Graph Neural Networks (GNNs) have gained significant attention in recent years due to their exceptional performance in various domains including social networks, recommender systems, and drug discovery. These models have demonstrated remarkable capabilities in capturing complex relationships and structures within geometric data. Modern applications of GNNs rely on large datasets, which are crucial for capturing the intricate relationships and structures present in complex real-world system, however, training these models requires substantial memory and computational resources which increases with input graph size.

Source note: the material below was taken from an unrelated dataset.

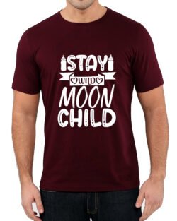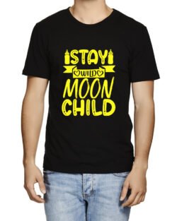 Caseria Men’s Round Neck Cotton Half Sleeved T-Shirt With Printed Graphics – Stay Wild Moon
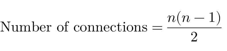 A 10-person startup has 45 potential lines of communication. A 100-person company? 4,950.

Although there has been some work investigating quantization during inference, there has been little research into the quantized training of GNNs. In this project, the quantized training of GNNs is explored using fixed-point quantization and Microsoft Floating Point (MSFP). To achieve optimal results, a range of strategies are employed including dynamic quantization. The results demonstrate that it is possible to achieve model accuracies which are within 1% of baseline FP32 trained models using 8-bit fixed-point quantization, offering an arithmetic and memory density increase of up to 7.7x and 4x respectively. These results can be replicated using Microsoft Floating Point quantization, offering an arithmetic and memory density increase of up to 18.3x and 5.8x respectively. By employing dynamic quantization schemes utilizing Microsoft Floating Point, accuracies which are within 1% of baseline 32-bit floating point are obtained offering potential gains in arithmetic and memory density of up to 26x and 6.4x respectively.